As I checked my email this morning, I saw one titled "Birthdays" from my dear friend, Holly. I immediately assumed that this email would provide me with information about her son's upcoming party, you know, the time - minor details. But instead, I found this amazingly well written realization of life, and I felt the need to share it with the eight of you. Holly is one of my most important touchstones to reality and this email is one more testament to why she is so essential to my well being. Another Jersey girl at heart she always tells me how it is - no sugar coating, no hugs and kisses, and for that I will always love her.
What I have kept reminding myself is that hey, there are some advantages to being slightly over life's first real "hill":
1. We know who we are and we know that who we are is exactly who we want to be. Always. If you don't like it go screw. I couldn't always say that.
2. How we look in a bathing suit is so much less important. Case in point "You look really good for having 2 kids". What the hell.

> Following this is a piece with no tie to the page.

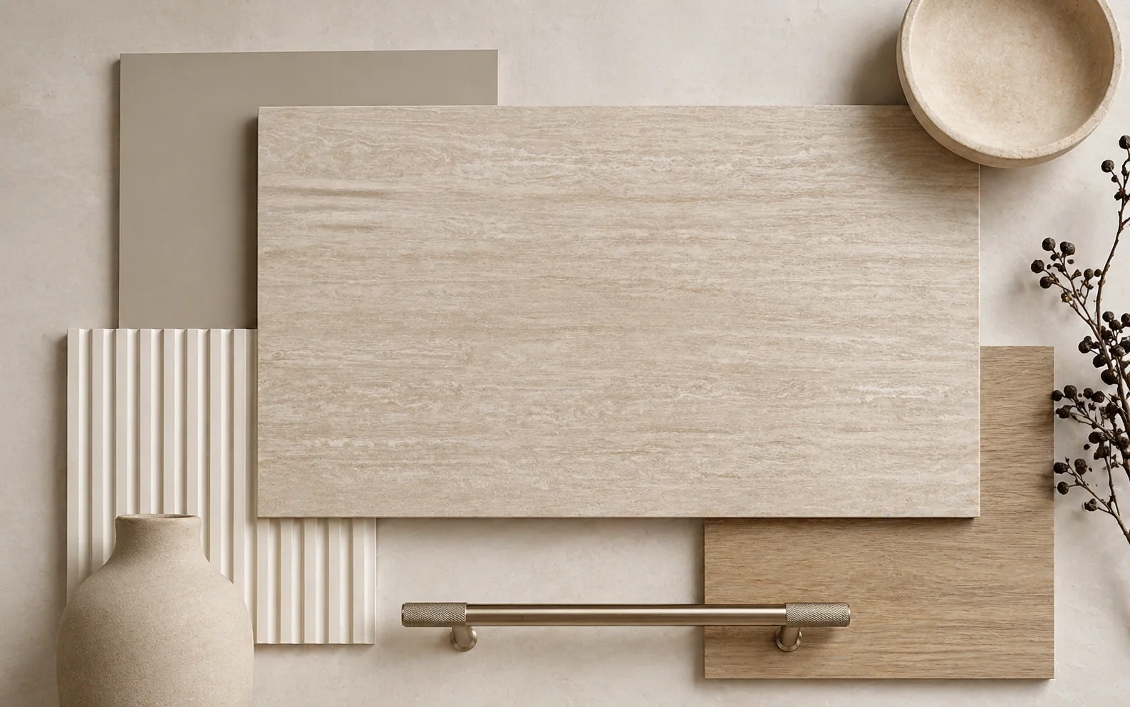 El Cream Travertine es la lectura más cálida de la colección 3D. Sus vetas dibujan caminos largos y suaves sobre un fondo limpio, casi cristalino. Una piedra que aporta luz sin perder presencia — para cocinas que se viven, baños donde se busca calma, mesadas que se vuelven el centro silencioso de la casa.
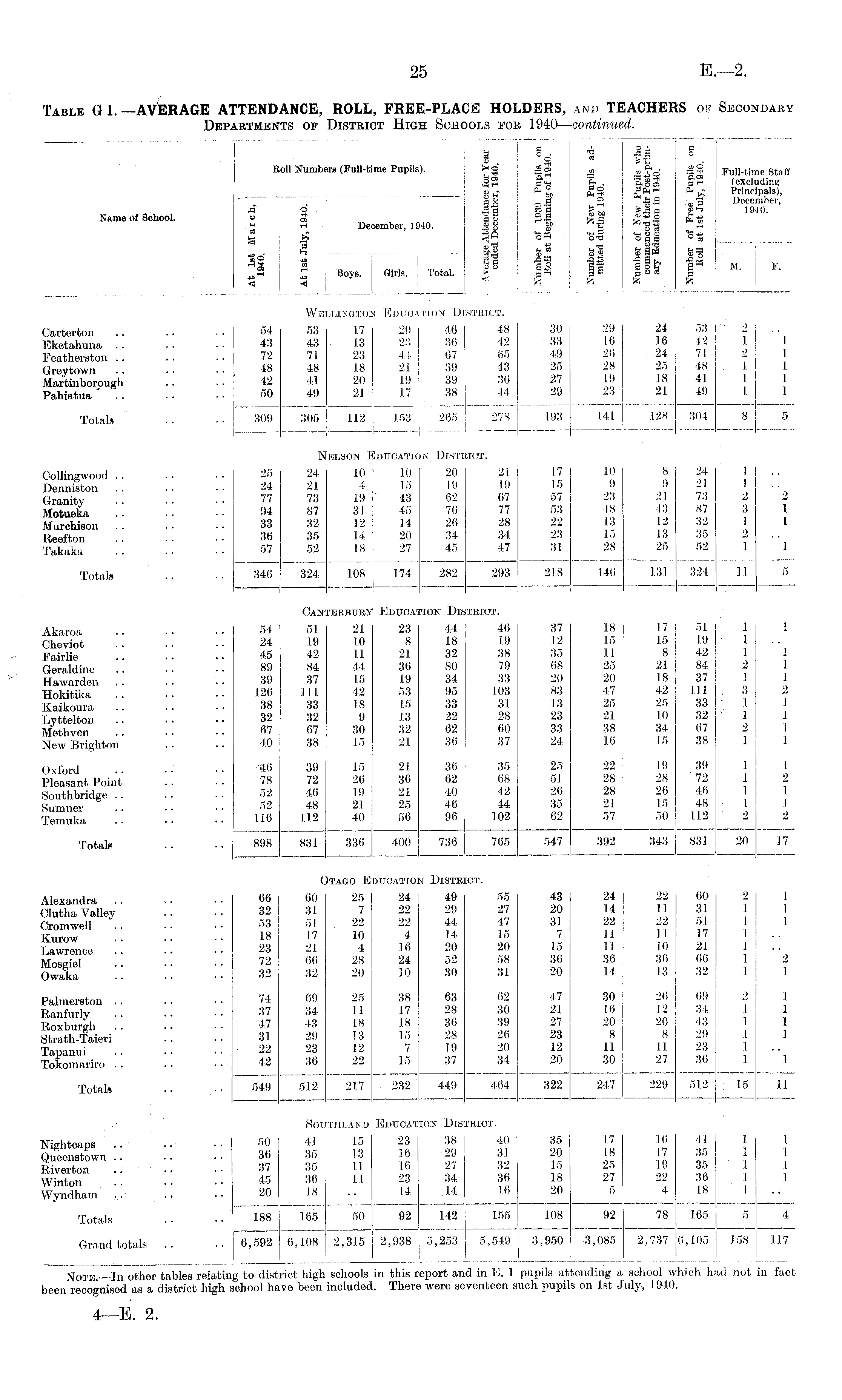 Table G1.—AVERAGE ATTENDANCE, ROLL, FREE-PLACE HOLDERS, and TEACHERS of Secondary Departments of District High Schools for 1940—continued.

I know that means "you're' a little flabby but you're a mom so no one's really looking & besides you're not in your twenties anymore so what do you expect?" Why the hell did I used to think that everyone was always looking at me and rating me? They weren't. If I'd have known that I wouldn't have worried about sucking in my gut all the time and I would have relaxed at the beach since those days are over now.
3. Our husbands are also over the hill, & so are our friends. I couldn't be friends with a person in thier 20's...another case in point: my sisters. Love 'em but jeez,, the drama of the egocentric years of 24-26!
4. This is it. This is the time that we will look back on as the time that we met with success. We run the house, take care of kids and babies, make sure everyone has everything that they could possibly need and want, settle every conflict, remember to pack every important item, feed our families healthy dinners, feed the dogs, occasionally vaccuum, bring in firewood, pay the bills, wake up to find the missing blankie or stuffed giraffey at 2 a.m., 3 a.m., & 5 a.m., know how to hold everyone just right, and sometimes, just sometimes, have a moment to breathe. AND we do it all while looking pretty damned good.
5. I think if I had to pick I would freeze us right now. I just might stay 31 forever. At 29 I was pretty pregnant for the 1st time and not so sure what was up with so many things. This is soooo much better.
So, I guess what I am saying is that you can be sure that with every bit of blah-ness that goes along with the realization that after 30 it is theoretically all downhill from here there is the silver lining- downhill is the easy part. Maybe we will be able to relax and enjoy our lives and the people we love now that we are done setting everything up.
By the way, good job on the trip to Jersey. I for one know the anxiety that goes along with that. There are no mall parking lots or rest areas that I have not stopped at to breast feed a baby, let someone sprinkle the parking lot, or clean up puke. All to visit family. Gotta love it. I love that you get it too.